How to design an Employee Value Proposition that works | Brunswick Group

Defining your Employee Value Proposition

“How can we identify, attract, retain and develop talent today...to ensure continued excellence tomorrow?”

Talent acquisition and retention are at the top of the CEO’s agenda. In PwC’s 2016 Global CEO survey, 75% of CEOs said a skilled, educated and adaptable workforce was a priority. But at the same time, 73% were concerned about the availability of key skills.

Today’s workers must be more agile and adaptable than ever before. Able to meet the needs of the business and its customers now. Ready to adopt new ways of working to reinvent themselves for a digital age. All driven by a shared ambition to play a positive role in society.

An organization's Employee Value Proposition (EVP) is the real experience of working for that organization. An organization's employer brand is the honest targeted and compelling articulation of the EVP to current and prospective employees.

Together, the EVP and employer brand provide a compelling reason for the ‘right’ employees to join you. To stay with you. To develop themselves with you. And to deliver new levels of value for your business, your customers, and everyone who deals with you.
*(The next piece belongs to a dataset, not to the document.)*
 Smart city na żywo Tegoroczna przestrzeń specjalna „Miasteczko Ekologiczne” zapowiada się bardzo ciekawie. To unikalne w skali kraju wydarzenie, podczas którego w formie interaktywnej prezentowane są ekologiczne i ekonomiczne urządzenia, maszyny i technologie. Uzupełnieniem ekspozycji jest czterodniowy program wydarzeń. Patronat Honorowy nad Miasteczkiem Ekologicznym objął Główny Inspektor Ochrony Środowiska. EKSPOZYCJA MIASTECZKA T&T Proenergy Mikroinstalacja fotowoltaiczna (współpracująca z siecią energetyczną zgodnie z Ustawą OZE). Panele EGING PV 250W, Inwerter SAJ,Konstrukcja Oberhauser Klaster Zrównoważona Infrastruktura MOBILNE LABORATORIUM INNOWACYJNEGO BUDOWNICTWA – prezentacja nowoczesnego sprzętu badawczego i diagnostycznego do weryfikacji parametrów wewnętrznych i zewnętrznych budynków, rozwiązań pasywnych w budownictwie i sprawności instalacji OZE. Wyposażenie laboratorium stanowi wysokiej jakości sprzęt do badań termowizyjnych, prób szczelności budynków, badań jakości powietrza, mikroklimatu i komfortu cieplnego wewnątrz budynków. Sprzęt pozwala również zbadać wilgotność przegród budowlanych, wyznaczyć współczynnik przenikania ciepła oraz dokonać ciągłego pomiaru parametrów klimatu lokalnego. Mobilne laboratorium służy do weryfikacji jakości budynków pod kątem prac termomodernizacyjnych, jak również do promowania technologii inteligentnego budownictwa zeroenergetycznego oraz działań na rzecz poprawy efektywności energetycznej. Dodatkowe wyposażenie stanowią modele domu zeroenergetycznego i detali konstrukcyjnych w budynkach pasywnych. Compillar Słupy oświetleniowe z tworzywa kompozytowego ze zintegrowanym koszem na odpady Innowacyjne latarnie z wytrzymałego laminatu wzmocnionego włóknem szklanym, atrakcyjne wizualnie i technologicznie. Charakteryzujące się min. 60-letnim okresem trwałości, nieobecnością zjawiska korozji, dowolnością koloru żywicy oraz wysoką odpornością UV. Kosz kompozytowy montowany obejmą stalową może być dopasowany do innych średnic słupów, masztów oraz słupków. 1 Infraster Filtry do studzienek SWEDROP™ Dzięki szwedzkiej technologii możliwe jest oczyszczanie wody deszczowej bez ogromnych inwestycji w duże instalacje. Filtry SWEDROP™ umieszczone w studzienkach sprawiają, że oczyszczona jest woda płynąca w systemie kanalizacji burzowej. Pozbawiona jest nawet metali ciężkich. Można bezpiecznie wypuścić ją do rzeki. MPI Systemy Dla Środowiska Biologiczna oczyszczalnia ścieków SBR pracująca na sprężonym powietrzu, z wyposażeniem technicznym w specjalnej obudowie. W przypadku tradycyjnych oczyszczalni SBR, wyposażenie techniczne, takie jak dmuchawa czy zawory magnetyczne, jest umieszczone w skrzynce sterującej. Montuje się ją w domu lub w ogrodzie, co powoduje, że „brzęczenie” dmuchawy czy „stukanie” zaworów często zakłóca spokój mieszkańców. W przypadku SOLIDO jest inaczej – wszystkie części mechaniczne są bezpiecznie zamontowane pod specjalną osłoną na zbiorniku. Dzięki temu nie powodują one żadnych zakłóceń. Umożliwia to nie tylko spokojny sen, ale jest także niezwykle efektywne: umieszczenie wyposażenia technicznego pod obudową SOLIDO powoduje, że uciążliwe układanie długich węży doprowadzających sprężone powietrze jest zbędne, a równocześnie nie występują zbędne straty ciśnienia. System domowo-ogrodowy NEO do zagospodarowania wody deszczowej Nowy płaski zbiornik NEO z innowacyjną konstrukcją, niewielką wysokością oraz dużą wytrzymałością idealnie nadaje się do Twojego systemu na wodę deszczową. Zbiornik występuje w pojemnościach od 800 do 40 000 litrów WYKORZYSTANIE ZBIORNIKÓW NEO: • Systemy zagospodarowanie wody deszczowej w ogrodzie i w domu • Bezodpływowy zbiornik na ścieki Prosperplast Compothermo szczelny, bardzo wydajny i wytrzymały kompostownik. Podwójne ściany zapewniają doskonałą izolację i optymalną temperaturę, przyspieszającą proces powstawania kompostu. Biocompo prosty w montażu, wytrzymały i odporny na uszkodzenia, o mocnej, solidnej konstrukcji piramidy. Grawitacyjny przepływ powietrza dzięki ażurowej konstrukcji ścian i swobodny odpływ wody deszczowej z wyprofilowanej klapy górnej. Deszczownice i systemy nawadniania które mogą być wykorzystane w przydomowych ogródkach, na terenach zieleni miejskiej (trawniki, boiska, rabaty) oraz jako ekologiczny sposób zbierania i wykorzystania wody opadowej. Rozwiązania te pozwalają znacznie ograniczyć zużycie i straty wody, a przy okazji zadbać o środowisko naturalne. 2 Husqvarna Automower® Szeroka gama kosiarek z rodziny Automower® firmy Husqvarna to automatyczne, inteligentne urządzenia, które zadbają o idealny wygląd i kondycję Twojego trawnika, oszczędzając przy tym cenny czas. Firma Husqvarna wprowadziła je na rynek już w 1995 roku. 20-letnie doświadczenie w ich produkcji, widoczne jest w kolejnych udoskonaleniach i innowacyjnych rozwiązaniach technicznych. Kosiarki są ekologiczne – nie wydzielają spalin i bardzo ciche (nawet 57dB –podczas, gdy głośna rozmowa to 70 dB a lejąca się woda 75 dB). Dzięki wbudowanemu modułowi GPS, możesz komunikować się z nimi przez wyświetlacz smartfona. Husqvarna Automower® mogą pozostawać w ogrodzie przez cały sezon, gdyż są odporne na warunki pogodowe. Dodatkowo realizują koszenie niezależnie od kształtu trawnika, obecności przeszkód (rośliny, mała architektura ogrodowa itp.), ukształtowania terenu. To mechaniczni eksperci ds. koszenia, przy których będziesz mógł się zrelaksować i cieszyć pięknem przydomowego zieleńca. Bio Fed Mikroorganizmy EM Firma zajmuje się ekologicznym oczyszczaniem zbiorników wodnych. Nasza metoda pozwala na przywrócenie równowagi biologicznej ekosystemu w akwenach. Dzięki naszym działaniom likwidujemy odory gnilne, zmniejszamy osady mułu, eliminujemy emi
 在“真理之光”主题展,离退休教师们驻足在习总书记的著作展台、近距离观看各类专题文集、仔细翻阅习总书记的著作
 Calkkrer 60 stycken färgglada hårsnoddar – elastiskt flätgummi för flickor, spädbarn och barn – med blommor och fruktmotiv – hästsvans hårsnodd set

Many EVPs focus only on one dimension of the relationship between employer and employees – the ‘deal’. In other words, what can we as the employer expect from you the employee? And what can you expect in return. We believe the EVP should be multi-dimensional, and should include the following: 

  • DAILY - Is my work for this organisation interesting? Am I doing ‘good things’ for customers’? Do I respect my boss and colleagues? Do I have their respect? Is my workplace safe – physically and mentally?

  • DRIVERS - How does this organisation influence me to ‘do the right things’? Leadership behaviors? Communication? Recognition? Measurement? Systems and processes?
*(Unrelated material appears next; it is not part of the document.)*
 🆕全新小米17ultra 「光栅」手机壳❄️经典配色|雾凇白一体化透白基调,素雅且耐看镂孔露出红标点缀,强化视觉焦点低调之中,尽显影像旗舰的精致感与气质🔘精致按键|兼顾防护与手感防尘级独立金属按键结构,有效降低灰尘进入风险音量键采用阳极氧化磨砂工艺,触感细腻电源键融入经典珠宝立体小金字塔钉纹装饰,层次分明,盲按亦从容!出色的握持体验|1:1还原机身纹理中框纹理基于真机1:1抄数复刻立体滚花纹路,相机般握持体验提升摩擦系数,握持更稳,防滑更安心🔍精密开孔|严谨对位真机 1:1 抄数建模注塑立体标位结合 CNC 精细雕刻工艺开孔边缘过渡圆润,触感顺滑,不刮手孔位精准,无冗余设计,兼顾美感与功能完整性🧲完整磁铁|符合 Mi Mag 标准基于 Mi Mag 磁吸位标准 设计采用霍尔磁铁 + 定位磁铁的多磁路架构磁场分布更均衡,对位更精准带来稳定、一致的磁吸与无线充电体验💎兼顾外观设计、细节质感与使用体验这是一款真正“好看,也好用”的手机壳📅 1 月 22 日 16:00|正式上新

  • DIVERSITY - How does this organisation allow me to ‘come as I am and do what I love’? Do they recognize my uniqueness and the value that brings? Are they open-minded to my and others’ perspectives?
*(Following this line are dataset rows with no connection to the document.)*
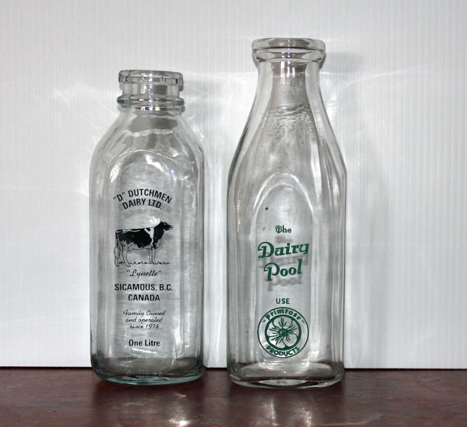 D Dutchmen Dairy Ltd, Sicamous B.C. and Dairly Pool Milk Bottles
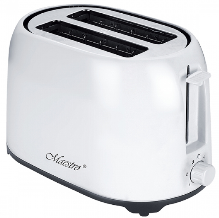 Тостер Maestro MR-702 — компактный и стильный, легкий в использовании, поможет быстро и просто приготовить великолепный завтрак. В этой модели предусмотрены два отсека для тостов и съемный поддон для сбора крошек, что существенно упростит чистку тостера. Специальный механический подъемник позволяет безопасно извлечь хлеб из прибора. В тостере предусмотрены 6 режимов поджаривания, благодаря которым можно подобрать оптимальную степень прожарки хлеба.
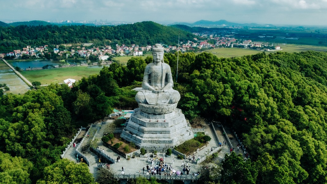 Located just a short drive from Hanoi, Phat Tich Mountain offers a culturally profound Vietnam Buddha statue mountain experience, anchored by the monumental Amitabha Buddha Statue at Van Phuc Pagoda. Situated on the mountain’s southern slope, this masterpiece is distinguished by its material, being carved from monolithic green stone with a staggering weight of nearly 3,000 tons and standing 27 meters high.
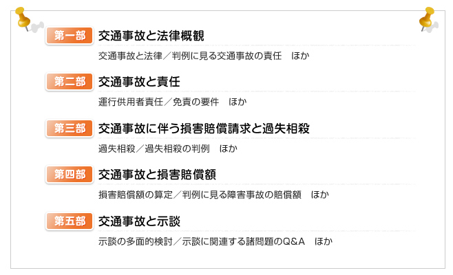 交通事故問題は、事故発生の状況や責任の所在など、さまざまな要因が複雑に絡み合い、解決までに相当な時間と労力が必要になります。交通事故に関連する法律の紹介や、交通事故問題を円滑・円満に解決に向かわせるためのポイントなどを本書から知っていただくことで、万が一に備えるとともに、交通安全について考えるきっかけとしていただければ幸いです。
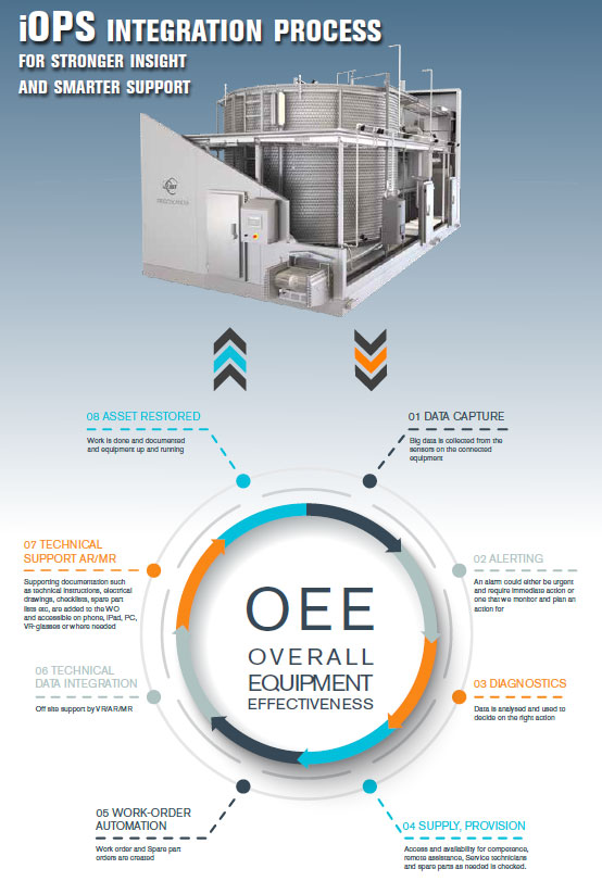 The technology enables customers to gain a far clearer idea of the true state of their Overall Equipment Effectiveness (OEE). Jean Bülow, JBT´s iOPS manager, explains: “Today, most maintenance is preventive or reactive, but not predictive. By employing remote equipment monitoring we can foresee issues ahead of their occurrence, thereby saving money and time. This allows us to move from measuring a single parameter to proactive actions based on trends and expert analysis.”
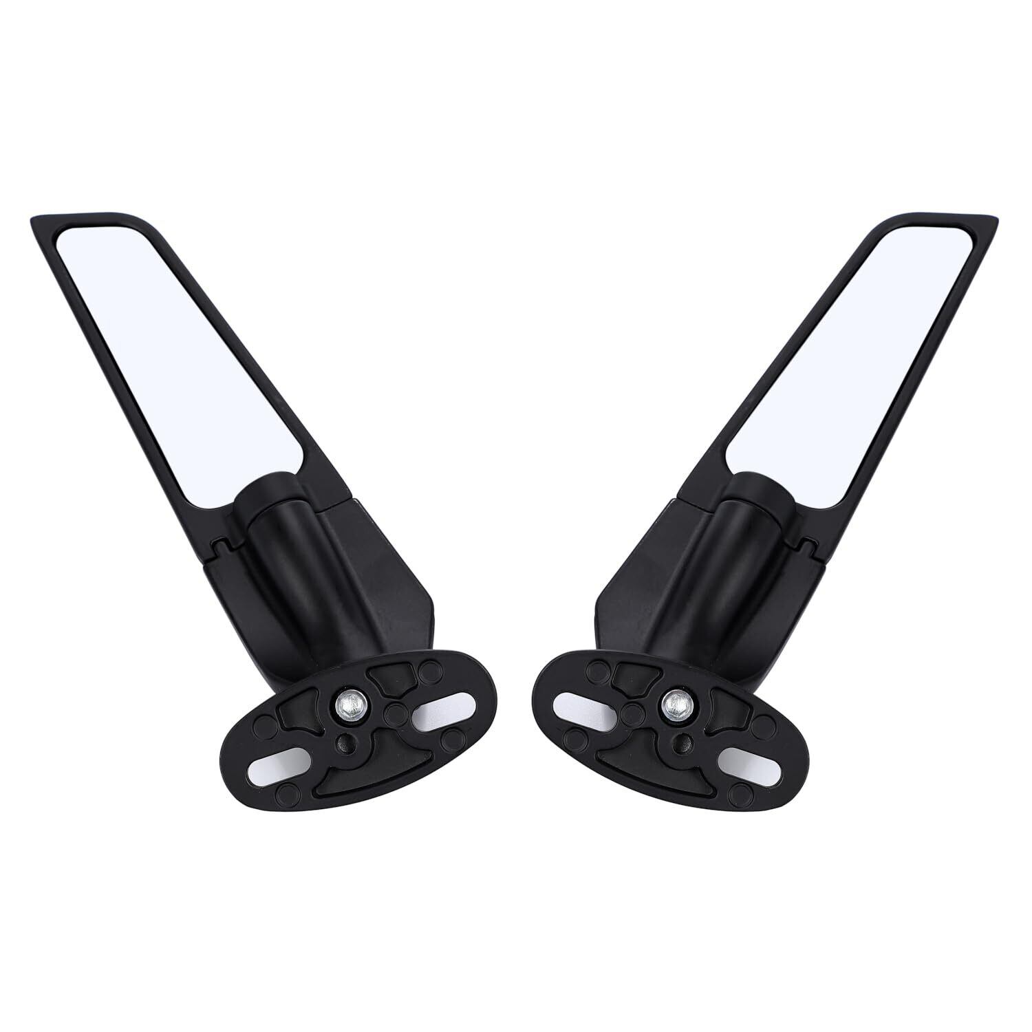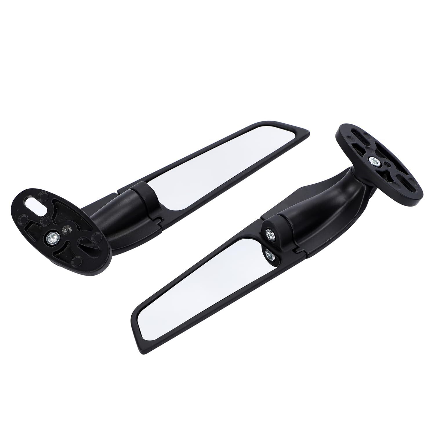 左右のセットのウイング型のバイク用、カウリングミラー。汎用品として設計されており、幅広い車種に簡単に合わせることができるように、スリムな翼型デザインが採用されています。

  • DIRECTION - What does this organisation stand for? What’s its worthwhile purpose? Its important place in society? What’s its strategy? How do I play a part in delivering it? Are its values consistent with my own?

  • DEAL - What does this organisation expect of me? What can I expect in return? Pay and benefits? Short- and long-term incentive plans? Career progression? Flexible working?

But in many cases, these are not planned or intentional. Instead they have evolved over time to become ‘the way we do things here’. We believe your EVP should intentionally attract the type of employees you need to succeed.